Transcribe the listing below exactly, leaving out each image.

* SUPPLIED MATERIAL
▼

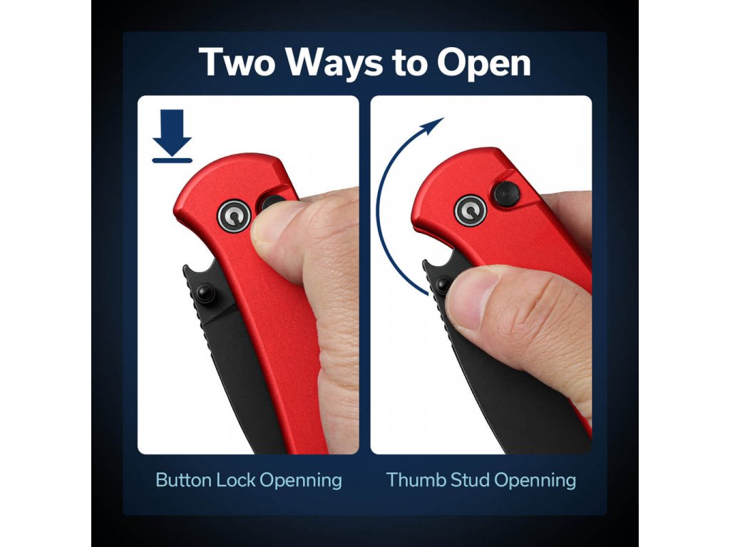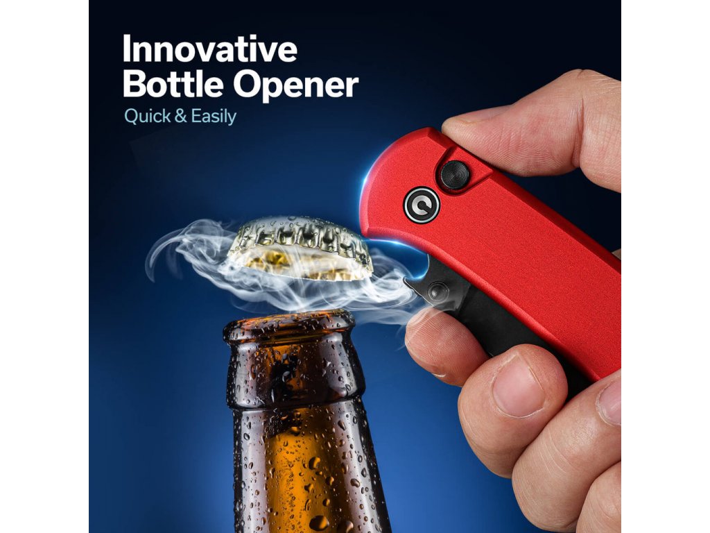 A kés kerámia golyóscsapágyakkal is rendelkezik, amelyek biztosítják a kés zökkenőmentes mechanikai működését. A kés markolata vörös alumíniumból készült. Amikor a kés zárt állapotban van, a behajtott pengének köszönhetően üvegnyitóként is szolgálhat. Zárt állapotban a kés mérete 10,7 cm. A kés egy Tip-Up klipszet is tartalmaz a felakasztáshoz, így könnyen hordozható az új mindennapi társa. A kés súlya mindössze 80 g, így kezelése nagyon kényelmes, precíz és fáradhatatlan. Tapasztalja meg a funkcionalitást, a kényelmet és a szépséget egy csomagban, amelyre mindig számíthat a mindennapi vágási tevékenységek során.
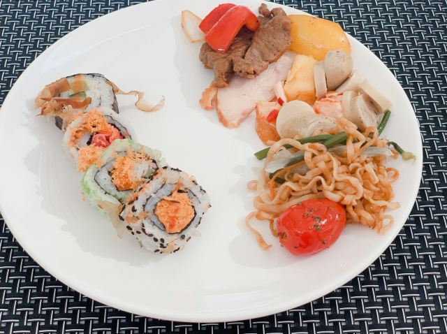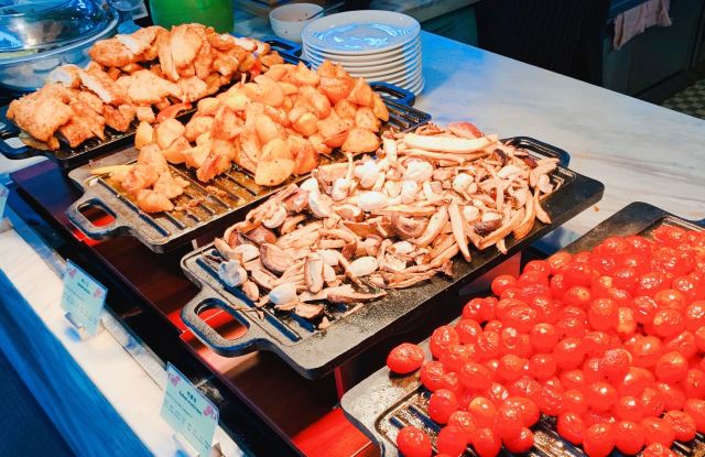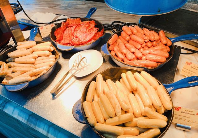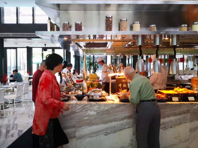 横竖是二温小迪🌸洲际的早餐地点就是地中海餐厅,在这里连住了三晚,对早餐还是挺满意的。除了品种比较丰富外,每天的菜品都会有所变化。 🌿环境:餐厅建在靠海的玻璃屋里,浅色的大理石餐台,配上白色系的桌椅,还是挺有高级感的。早餐人很多,中午人就比较少。 🍽菜品还是非常丰富的,中式的有热炒,面条,油条,粥面等等,甚至还有煎饼果子。西式的有麦片,肉肠,培根,薯条,煎蛋,三文鱼,熏肉,西点等等,连日本寿司也有。果汁饮料选择也挺多的,还有酸奶,茶,咖啡。水果得品种每天都不一样,甜品除了冰淇淋,西点,还有清补凉。 👩🏻🍳洲际的服务还是相当不错的,工作人员的服务意识都很好,主动又不失分寸。 唯一不舒服的就是我觉得餐垫不太干净,早餐这人流量,餐垫抖抖就算清洁过了嘛。
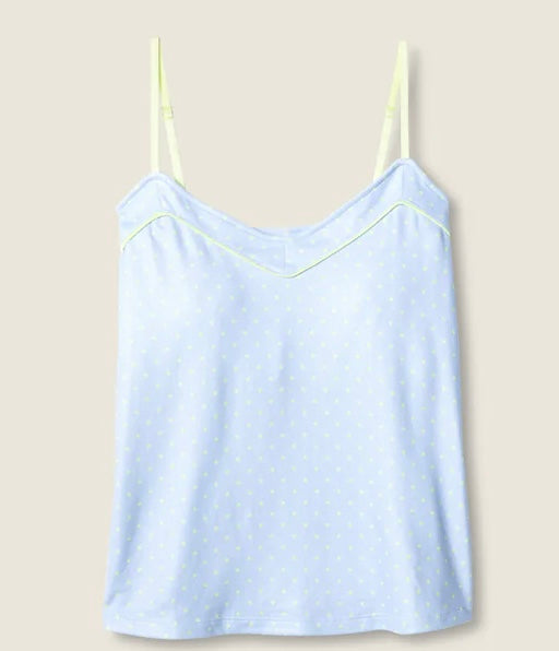 The sweet spot between playful and peaceful. This soft butter jersey PJ set features a light blue base dotted with zesty lime green polka dots. The cami is finished with a piped neckline and adjustable straps, while the relaxed wide-leg pants include a soft elastic waistband, lime drawstring, and punchy side piping. Whether you’re lounging late or easing into the day, it’s an easy favorite—wear it as a set that feels like a breath of fresh air.
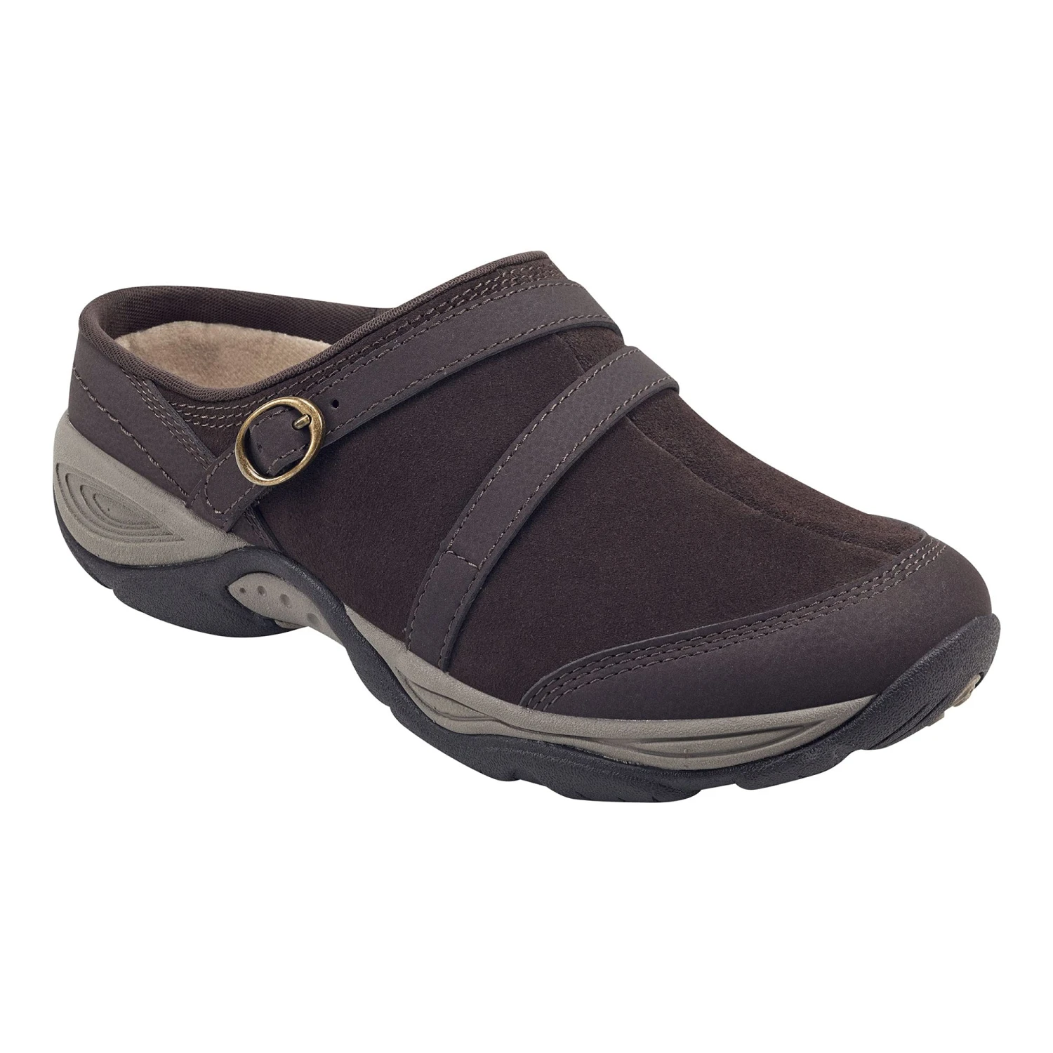 - Step up your casual looks with the orthotic-friendly Easy Spiritยฎ Equinox, a suede mule with faux leather accents and decorative buckle detail atop a durable rubber outsole designed to provide superior traction.

▲

* EXERCISE OUTPUT
 A kés kerámia golyóscsapágyakkal is rendelkezik, amelyek biztosítják a kés zökkenőmentes mechanikai működését. A kés markolata vörös alumíniumból készült. Amikor a kés zárt állapotban van, a behajtott pengének köszönhetően üvegnyitóként is szolgálhat. Zárt állapotban a kés mérete 10,7 cm. A kés egy Tip-Up klipszet is tartalmaz a felakasztáshoz, így könnyen hordozható az új mindennapi társa. A kés súlya mindössze 80 g, így kezelése nagyon kényelmes, precíz és fáradhatatlan. Tapasztalja meg a funkcionalitást, a kényelmet és a szépséget egy csomagban, amelyre mindig számíthat a mindennapi vágási tevékenységek során.
 横竖是二温小迪🌸洲际的早餐地点就是地中海餐厅,在这里连住了三晚,对早餐还是挺满意的。除了品种比较丰富外,每天的菜品都会有所变化。 🌿环境:餐厅建在靠海的玻璃屋里,浅色的大理石餐台,配上白色系的桌椅,还是挺有高级感的。早餐人很多,中午人就比较少。 🍽菜品还是非常丰富的,中式的有热炒,面条,油条,粥面等等,甚至还有煎饼果子。西式的有麦片,肉肠,培根,薯条,煎蛋,三文鱼,熏肉,西点等等,连日本寿司也有。果汁饮料选择也挺多的,还有酸奶,茶,咖啡。水果得品种每天都不一样,甜品除了冰淇淋,西点,还有清补凉。 👩🏻🍳洲际的服务还是相当不错的,工作人员的服务意识都很好,主动又不失分寸。 唯一不舒服的就是我觉得餐垫不太干净,早餐这人流量,餐垫抖抖就算清洁过了嘛。
 The sweet spot between playful and peaceful. This soft butter jersey PJ set features a light blue base dotted with zesty lime green polka dots. The cami is finished with a piped neckline and adjustable straps, while the relaxed wide-leg pants include a soft elastic waistband, lime drawstring, and punchy side piping. Whether you’re lounging late or easing into the day, it’s an easy favorite—wear it as a set that feels like a breath of fresh air.
 - Step up your casual looks with the orthotic-friendly Easy Spiritยฎ Equinox, a suede mule with faux leather accents and decorative buckle detail atop a durable rubber outsole designed to provide superior traction.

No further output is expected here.